Under ICPA, law enforcement must obtain a warrant to obtain private communications from the customer of an internet service provider or information technology company. If any of the communications of the targeted customer are located outside of the United States, law enforcement must use established Mutual Legal Assistance Treaties (MLATs) with other countries to inform foreign governments of attempts to obtain data localized abroad. A foreign country holding the data then has the opportunity to review the accusations against an individual and the impact of providing sought information on its own national security.
Additionally, ICPA would require to the DOJ to release information about the number of MLAT requests received and sent by the United States, as well as the duration it takes to resolve each one.
Passing ICPA would eliminate massive potential for judicial overreach, establish clarity in outdated rules, and avoid costly legal expenses for private companies and government officials.

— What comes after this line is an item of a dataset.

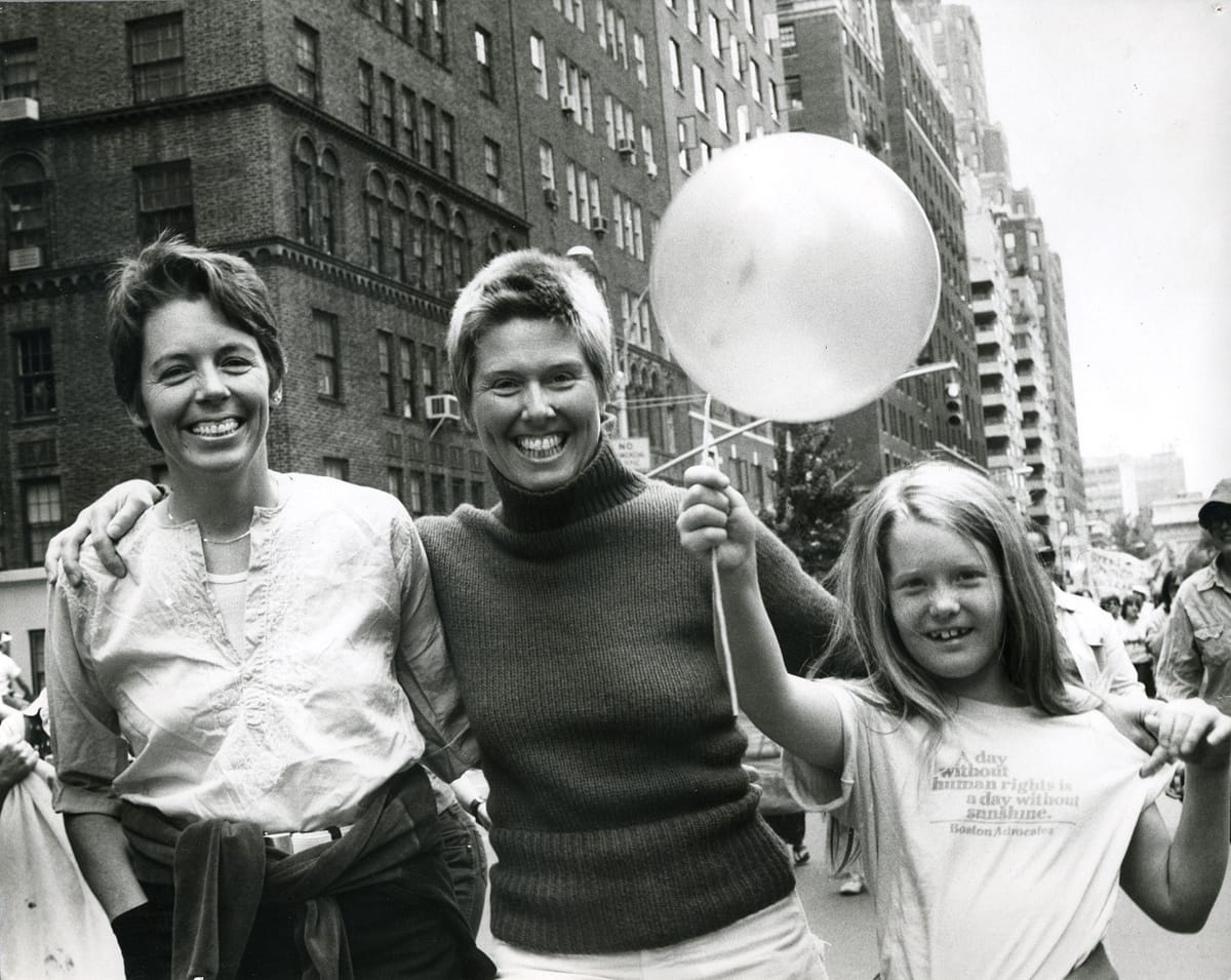 HH: June Pride is an occasion for community gathering and visibility — for queers to gather together. I have many fond memories. My first Gay Pride March (yes, they were political marches then, not rainbow parades!) was in 1974 in New York City. I walked from Christopher Street to Central Park with my daughter on my shoulders. She walked again with me in 1979.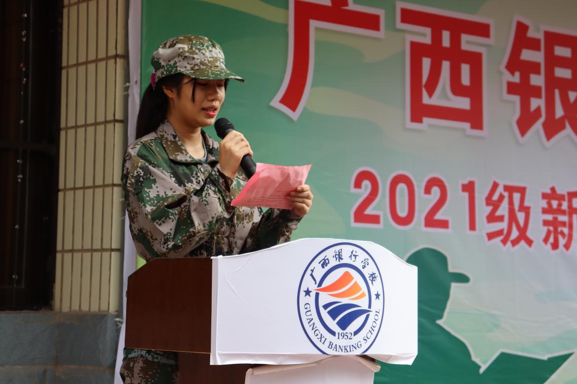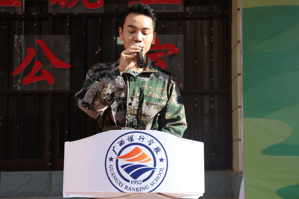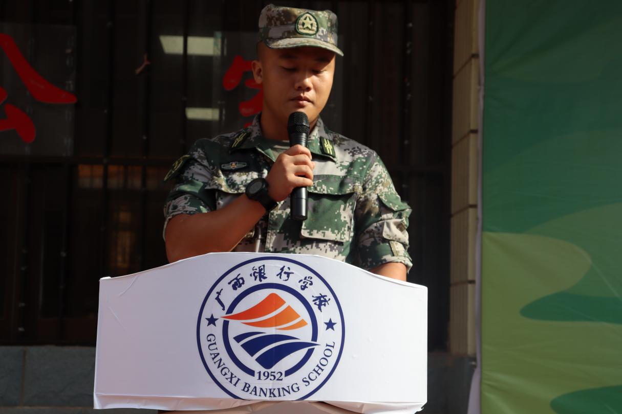 廣西銀行學校管委會副主任陳瑞強作新生軍訓動員講話,希望同學們敢于吃苦,敢于鍛煉,服從命令、聽從指揮,切實做到軍人"流血流汗不流淚,掉皮掉肉不掉隊"的要求,達到強體能、練毅力、知軍事、明紀律的目的。

There’s no need to enforce costly data localization provisions when MLATs and a clearer delineation would suffice.
FreedomWorks recently signed onto a coalition letter supporting swift passage of ICPA, echoing the sentiments of Microsoft President Brad Smith, who wrote in an October, 16th blog-post: “Current laws were written for the era of the floppy disk, not the world of the cloud.”
Congress should pass ICPA to avoid more disputes like United States vs. Microsoft that fumble the inadequacies of archaic laws.